Florida TaxWatch Looks at How COVID-19‘s Impact on College Football Hinders the Economy

With the Florida Gators and the Georgia Bulldogs getting ready to renew their rivalry in Jacksonville on Saturday, Florida TaxWatch (FTW) released a report on how COVID-19 restrictions on college football are impacting the Sunshine State’s economy.

FTW unveiled “College Football in the COVID-19 Era: the Economic Impact of a Restricted Season” on Thursday. The new study shows college football continues to be a major source of revenue for several universities across Florida–and the current restrictions will impact it.

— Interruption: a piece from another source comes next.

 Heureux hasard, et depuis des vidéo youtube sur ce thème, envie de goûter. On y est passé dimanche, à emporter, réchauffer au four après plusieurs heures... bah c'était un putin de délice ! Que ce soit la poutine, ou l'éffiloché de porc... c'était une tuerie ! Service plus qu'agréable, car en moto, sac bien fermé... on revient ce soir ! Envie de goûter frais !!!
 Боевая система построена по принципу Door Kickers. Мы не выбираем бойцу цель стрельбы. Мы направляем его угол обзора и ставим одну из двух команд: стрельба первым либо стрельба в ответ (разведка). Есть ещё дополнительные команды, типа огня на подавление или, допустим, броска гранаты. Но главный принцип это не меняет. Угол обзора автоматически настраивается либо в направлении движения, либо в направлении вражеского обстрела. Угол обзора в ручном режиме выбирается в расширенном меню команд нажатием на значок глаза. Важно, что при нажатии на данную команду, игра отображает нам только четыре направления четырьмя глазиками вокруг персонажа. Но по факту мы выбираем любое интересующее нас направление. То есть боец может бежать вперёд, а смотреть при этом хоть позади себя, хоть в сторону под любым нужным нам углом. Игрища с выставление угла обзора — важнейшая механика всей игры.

“Assuming a conservative 25 percent reduction in team revenues from the previous 2018-2019 season, Florida’s college football teams could lose up to $70.8 million in total revenue due to COVID-19 restrictions on fan activity and spending. A decrease of 50 percent in team revenues would have far more devastating effects with revenue losses potentially reaching $141.5 million. For schools such as Florida State University, the University of Miami, the University of South Florida, and Florida Atlantic University, which reported net profits of $0 in the 2018-2019 season, these revenue reductions could create huge budget deficits over the coming years,” FTW noted.

Dominic Calabro, the president and CEO of Florida TaxWatch, noted that other industries outside higher education are also being affected as the pandemic continues to impact college football.

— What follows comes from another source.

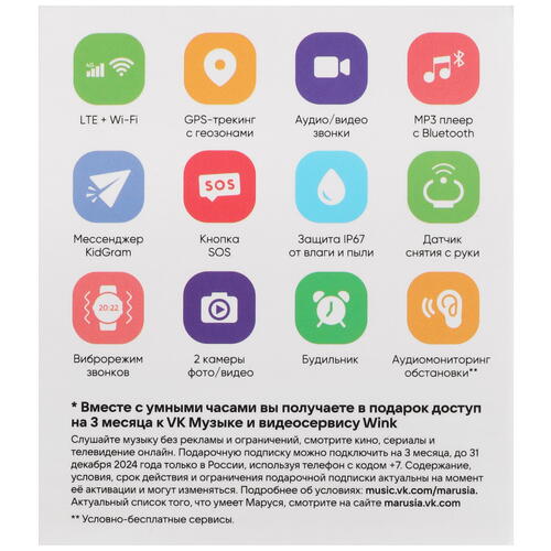 4G, ремешок - черный, Android, iOS, камера, GPS, LBS, ГЛОНАСС, Wi-Fi, IP67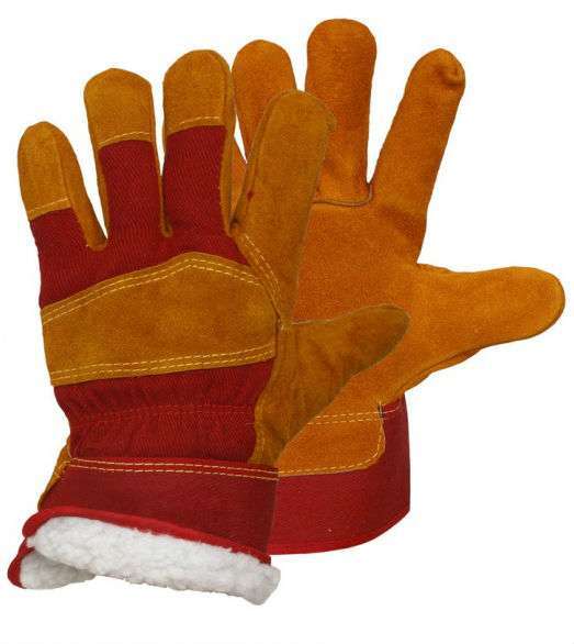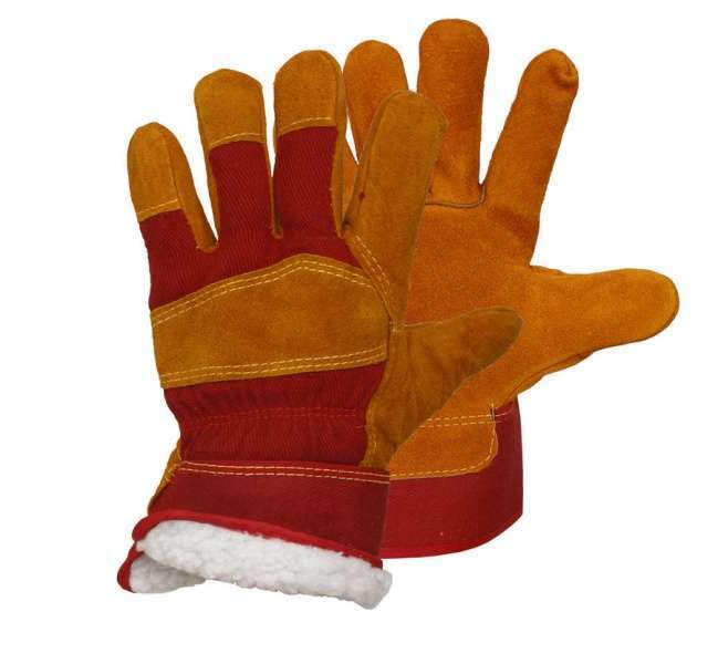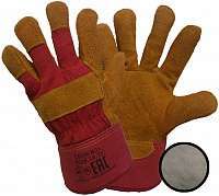 Перчатки спилковые комбинированные утепленные (искусственный мех) желтые с красным

“For communities across Florida the COVID-19 induced restrictions on college football game fan participation and spending is likely to have negative impacts on tax revenues, local small businesses, and jobs,” Calabro said on Thursday. “In our latest economic commentary, Florida TaxWatch finds that even a five percent reduction in leisure and hospitality jobs from lower spending in Boca Raton, Gainesville, Miami, Orlando, Tallahassee, and Tampa would cost nearly 26,000 jobs equaling more than $665 million in lost wages. If realized, these losses will not only hurt workers, families, and businesses but also the local government programs that rely on their tax revenues.”